Your assignment -> Look through the entries below for the line with "Blaue Vintage Levi's" and the line with "稍稍遗憾的是,锐龙9 3950X要等到9月才上市。 |", then give again exactly those two lines and all lines between them, minus the pictures.

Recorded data
▼▼▼

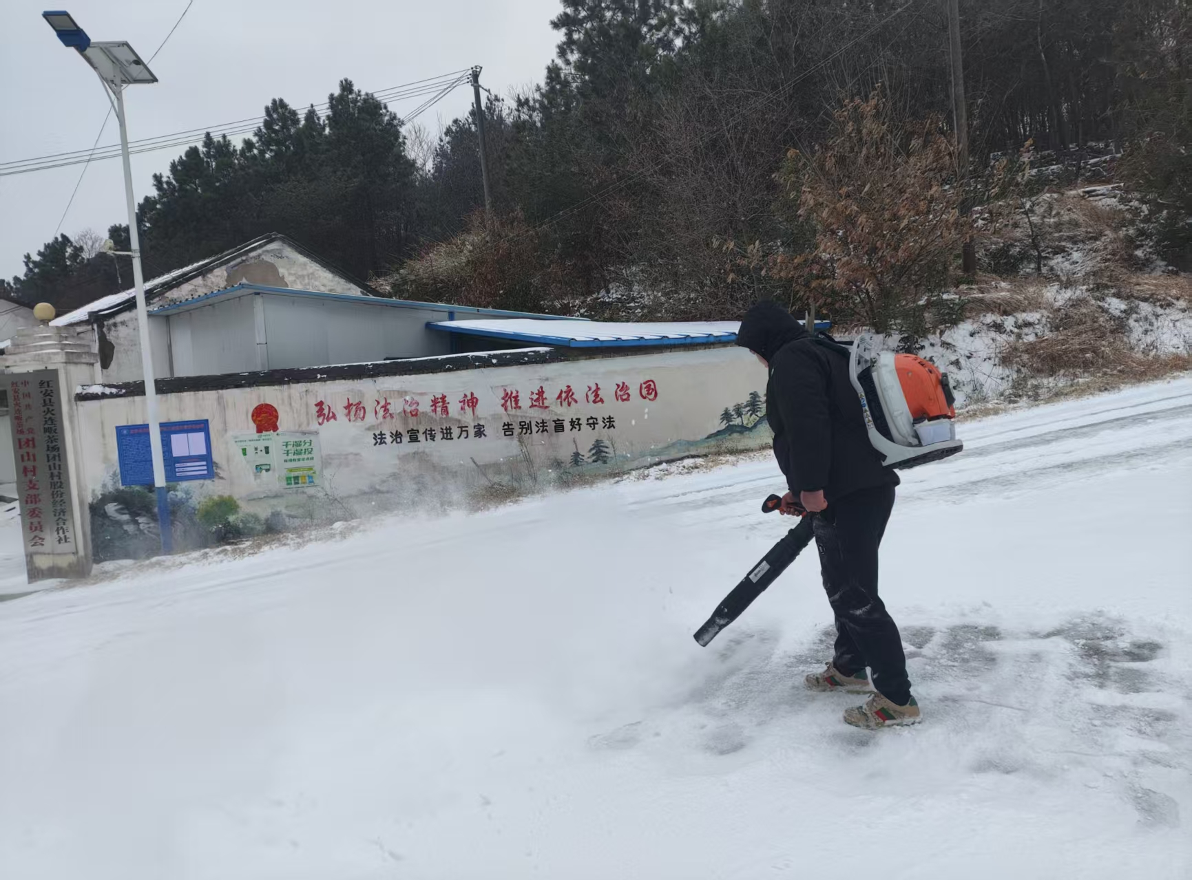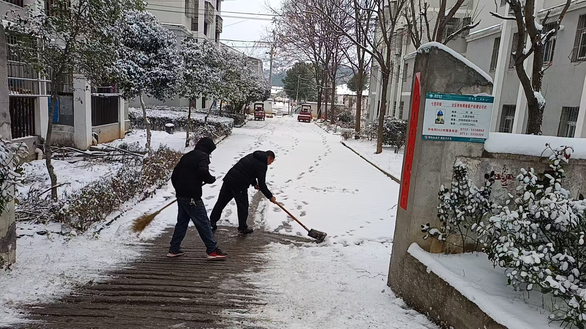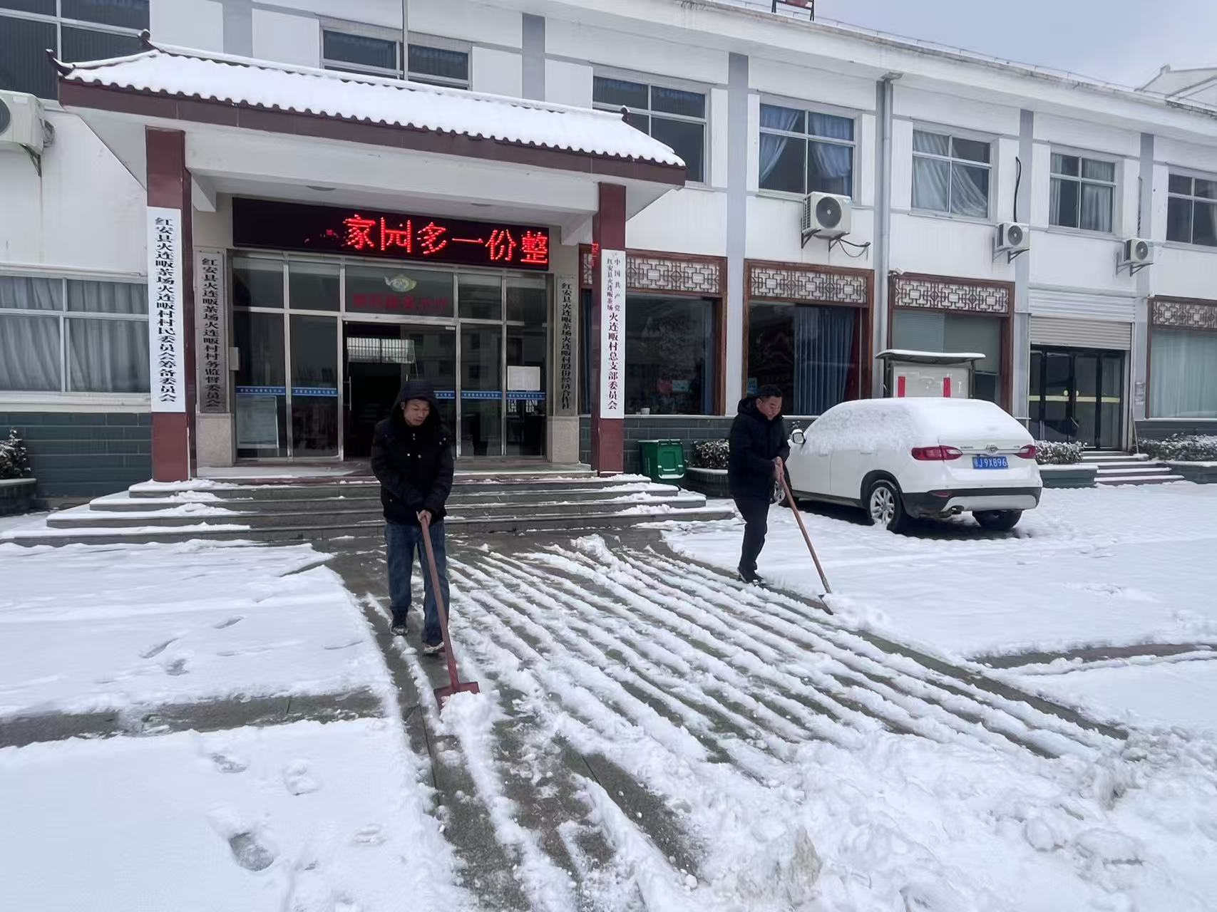 红安网消息 1月20日,受低温降雪天气影响,辖区内道路积雪结冰,给群众出行带来极大不便,也存在安全隐患。红安县火连畈茶场、团山村、火连畈村党员干部闻“雪”而动、迅速响应,分别组织人员开展道路清雪除冰行动,用实干为群众筑牢出行安全防线。
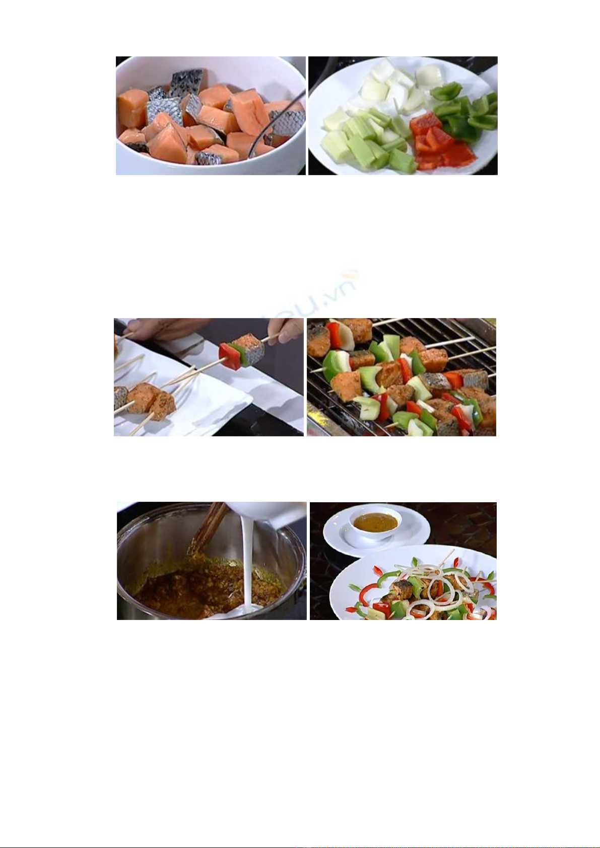 - Cá hồi cắt khối vuông, ướp với 2 thìa cà phê dầu ăn, 1 thìa cà phê bột tỏi, 2 thìa cà phê
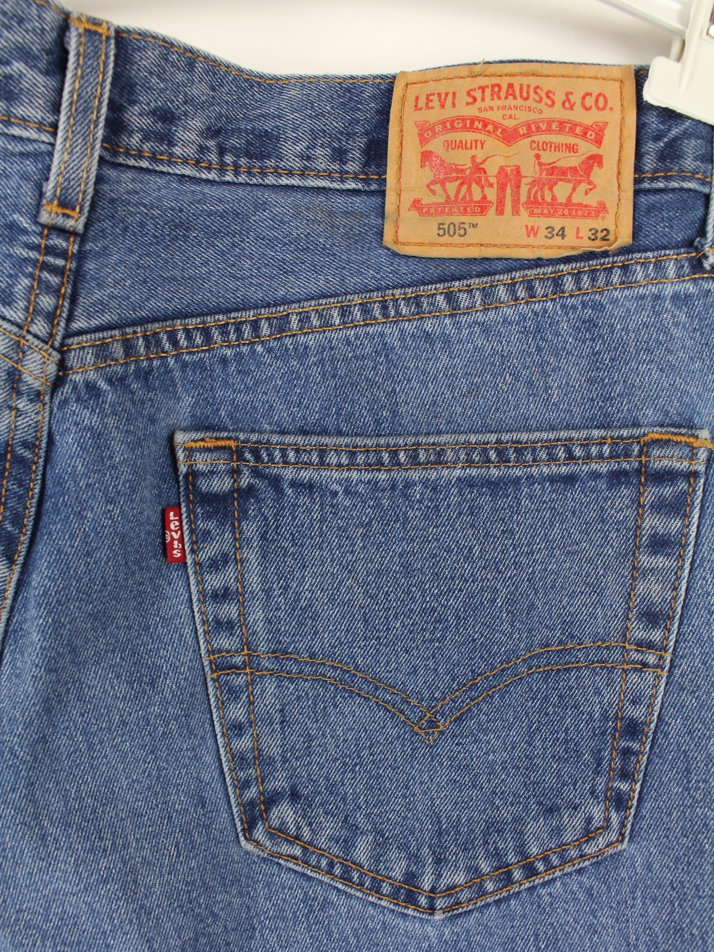 Blaue Vintage Levi's 505 Jeans Hose in Größe W34 L32.
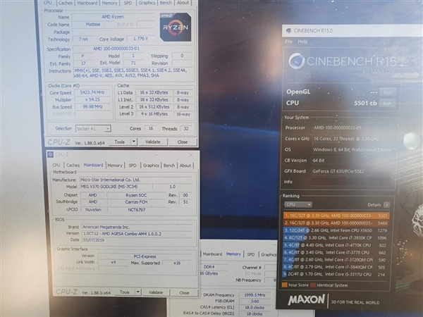 锐龙9 3950X是AMD三代Ryzen处理器中的“扛把子”,基本规格上,16核32线程,3.5/4.7GHz,72MB缓存,热设计功耗105W,钎焊散热。 在E3期间,3950X曾在液氮镇压下16核全开飙上了5.275GHz(@1.608V),从而打破了CineBench R15/R20和GeekBench 4多线程三项世界纪录。 E3上的纪录 此次,国外网友更进一步,把3950X的全核频率提升到5.4GHz(@1.776V),R15得分也打破好冒着热乎劲儿的5434,升至5501。 这套测试平台的内存数据美公布,只知道主板是微星的MEG X570 GODLIKE。之前那套平台也是这块主板,内存是芝奇Trident Z Royal DDR4(4533 MHz)。 稍稍遗憾的是,锐龙9 3950X要等到9月才上市。 |
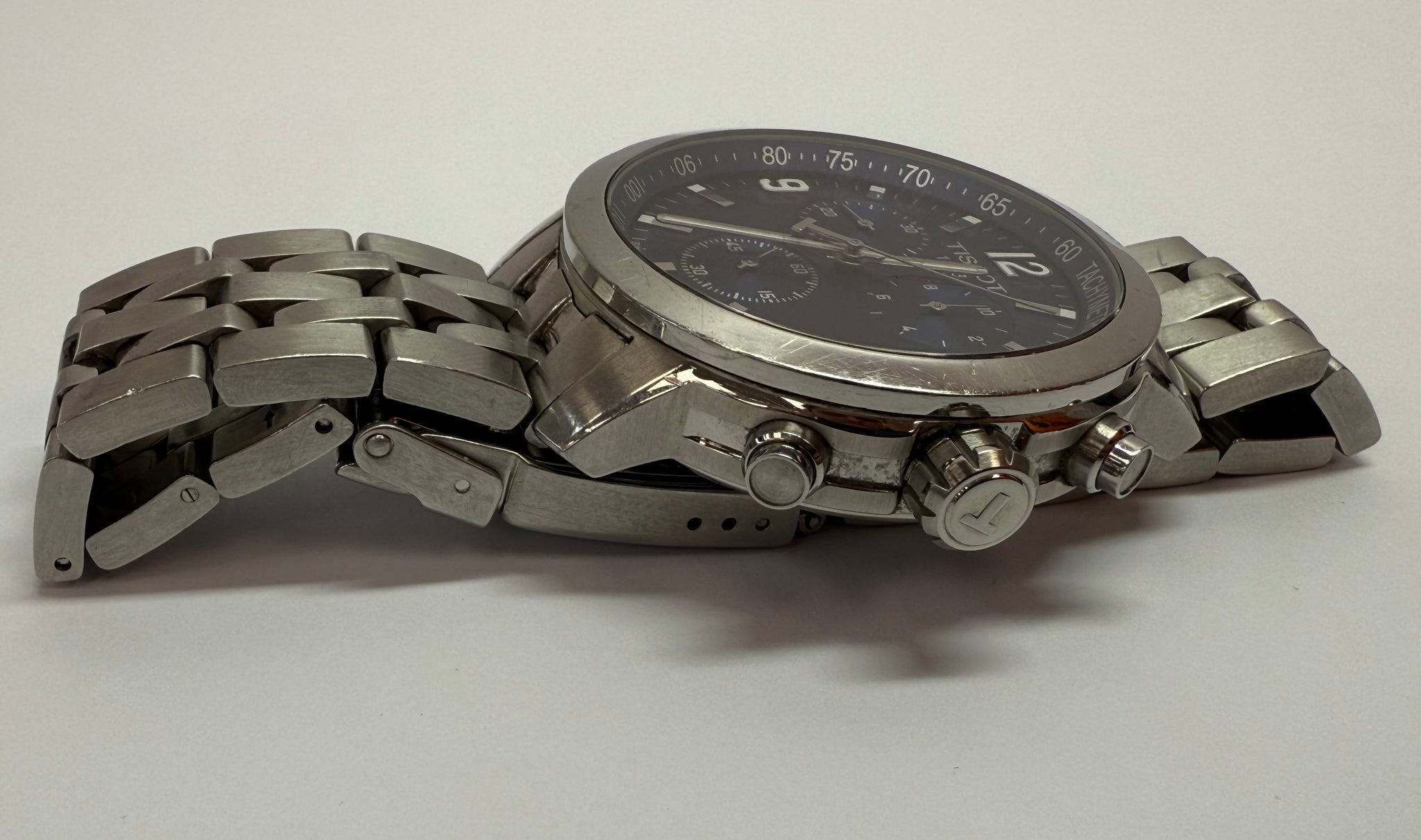 Designed with a smaller bezel to enhance the appearance of the dial, the PRC 200 provides a modern look and clear view of the time. The sleek 43mm round stainless steel case is also fitted with a screw-down tachymeter, crown and engraved caseback. The bold blue chronograph dial boasts a distinct display offering the utmost precision in your timekeeping. Inspired by the Tissot PRS 200 collection, the brand wanted to give this line a more classic look whilst still maintaining the sporty style. This model is powered by Swiss-made Quartz movement, and is finished with a co-ordinating sturdy stainless steel bracelet. This Tissot men's watch is water resistant up to 200 metres. Item Location This item is available for Collection or Delivery from: Cash Generator Leigh, 59 Bradshawgate, Leigh, WN7 4NB Email: leigh@cashgenerator.co.uk Telephone: 01942410620 Item Condition Condition: Pre-Owned: Grade B This beautiful Tissot PRC 200 Chronograph watch comes unboxed with no spare links, has slight small signs of use. Item Description Designed with a smaller bezel to enhance the appearance of the dial, the PRC 200 provides a modern look and clear view of the time. The sleek 43mm round stainless steel case is also fitted with a screw-down tachymeter, crown and engraved caseback. The bold blue chronograph dial boasts a distinct display offering the utmost precision in your timekeeping. Inspired by the Tissot PRS 200 collection, the brand wanted to give this line a more classic look whilst still maintaining the sporty style. This model is powered by Swiss-made Quartz movement, and is finished with a co-ordinating sturdy stainless steel bracelet. This Tissot men's watch is water resistant up to 200 metres.
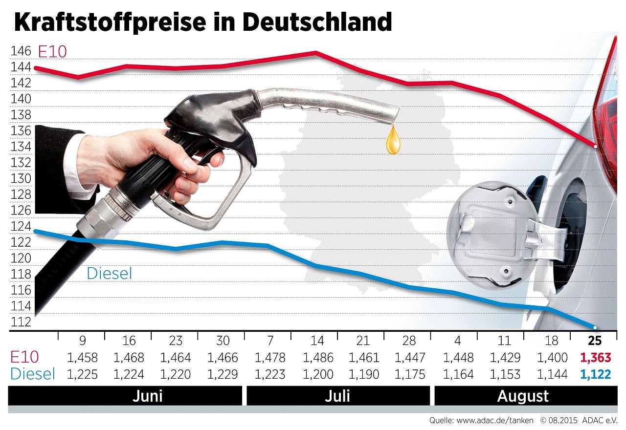 Da der Benzinpreis deutlich stärker sinkt als der des Diesels, schließt sich die Preisschere weiter. Aktuell beträgt der Unterschied zwischen den Kraftstoffsorten rund 24 Cent und nähert sich damit der steuerlichen Differenz von 22 Cent. Anfang August war Benzin noch mehr als 28 Cent teurer.
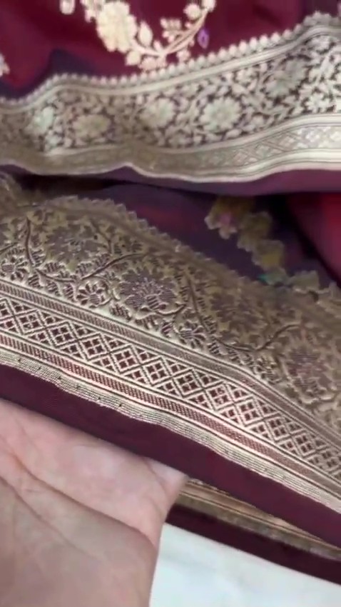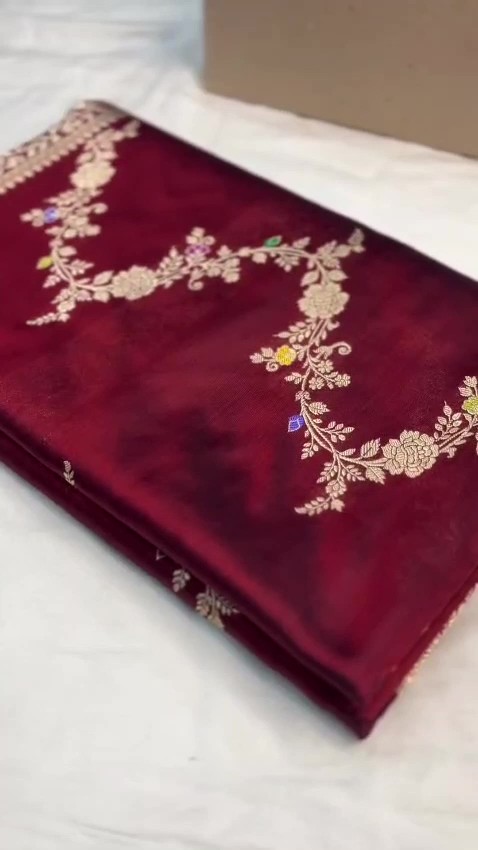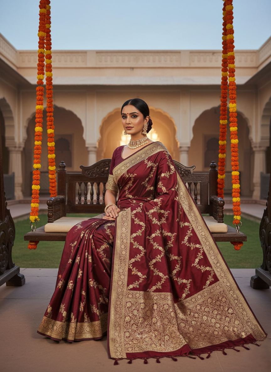 Maroon Banarasi Handloom Katan Silk Meenakari Saree
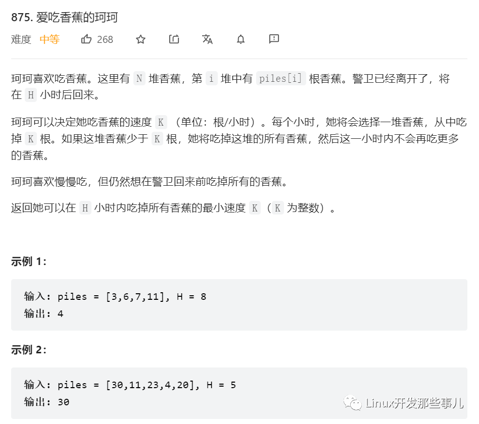if(0 != piles[i] % speed) hour += 1;香蕉的堆数以及每堆的数量是确定的,要在 H 小时内吃完,时间是输入参数,也是确定的了,现在唯一不确定的就是吃香蕉的速度,我们需要做的就是在最小速度 到 最大速度之间找出一个速度,使得刚好能在 H 小时内吃完香蕉 。
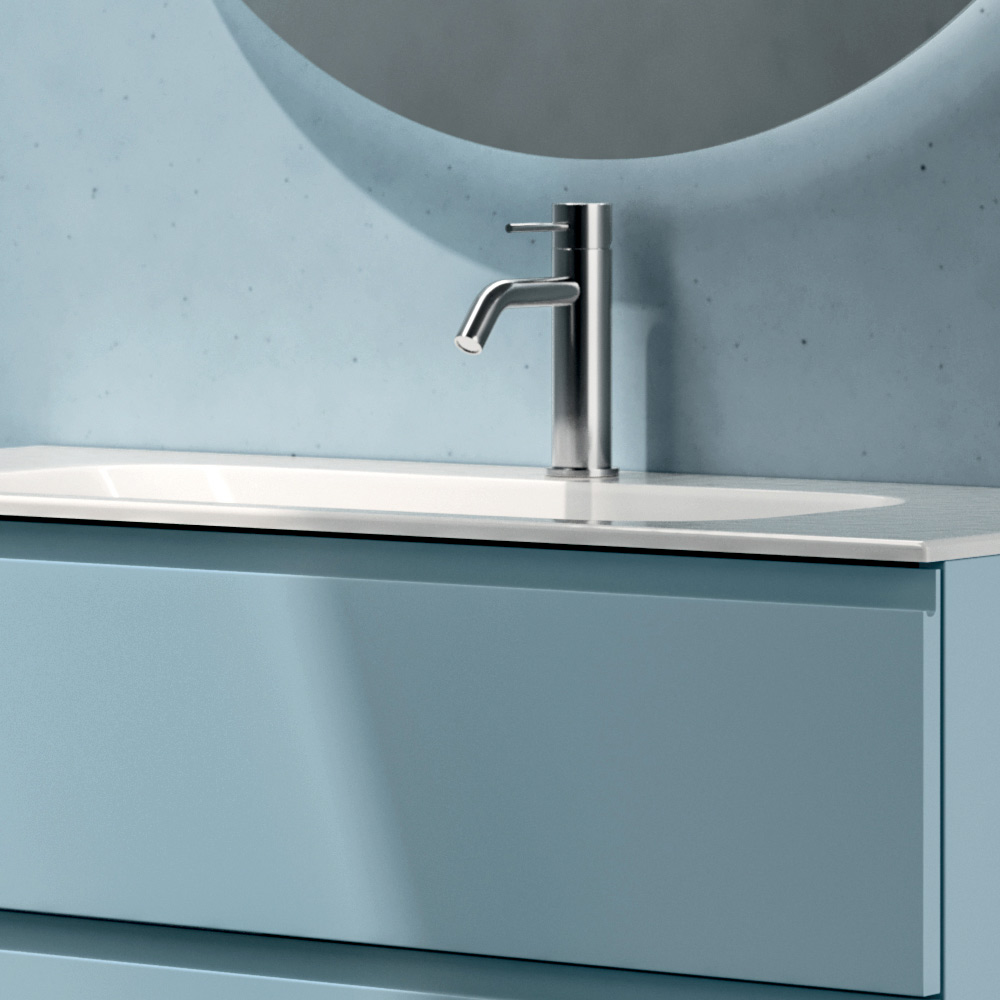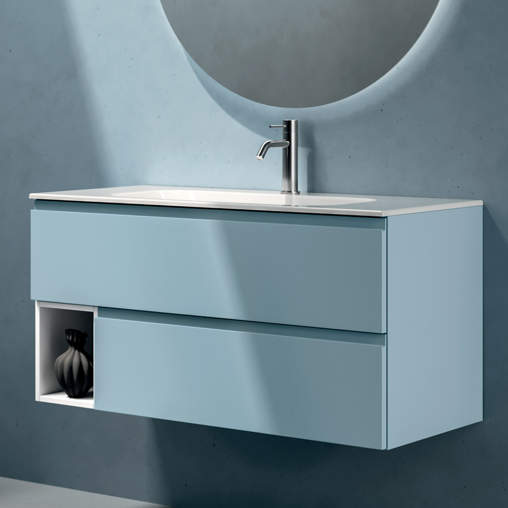 De aan de muur gemonteerde onderkasten met lades in Tiffany-afwerking , waarvan één met een sifonfunctie, zorgen voor een functionele indeling van de opbergruimte en behouden tegelijkertijd een strakke, minimalistische uitstraling. De matte oppervlakken versterken het lineaire ontwerp en dragen bij aan een elegant en harmonieus geheel.
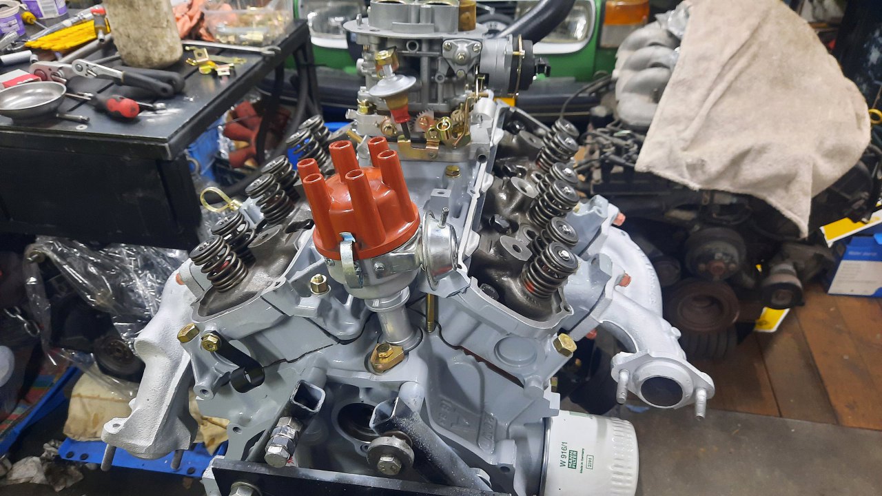 Włożyłem na miejsce aparat zapłonowy i wstępnie ustawiłem. Co ciekawe, trafiłem nawet na te same miejsce, które ktoś kiedyś zaznaczył przecinakiem na granicy aparatu i bloku. Ciekawe, czy będzie to właściwe ustawienie :).

▲▲▲

Result of this exercise ->
 Blaue Vintage Levi's 505 Jeans Hose in Größe W34 L32.
 锐龙9 3950X是AMD三代Ryzen处理器中的“扛把子”,基本规格上,16核32线程,3.5/4.7GHz,72MB缓存,热设计功耗105W,钎焊散热。 在E3期间,3950X曾在液氮镇压下16核全开飙上了5.275GHz(@1.608V),从而打破了CineBench R15/R20和GeekBench 4多线程三项世界纪录。 E3上的纪录 此次,国外网友更进一步,把3950X的全核频率提升到5.4GHz(@1.776V),R15得分也打破好冒着热乎劲儿的5434,升至5501。 这套测试平台的内存数据美公布,只知道主板是微星的MEG X570 GODLIKE。之前那套平台也是这块主板,内存是芝奇Trident Z Royal DDR4(4533 MHz)。 稍稍遗憾的是,锐龙9 3950X要等到9月才上市。 |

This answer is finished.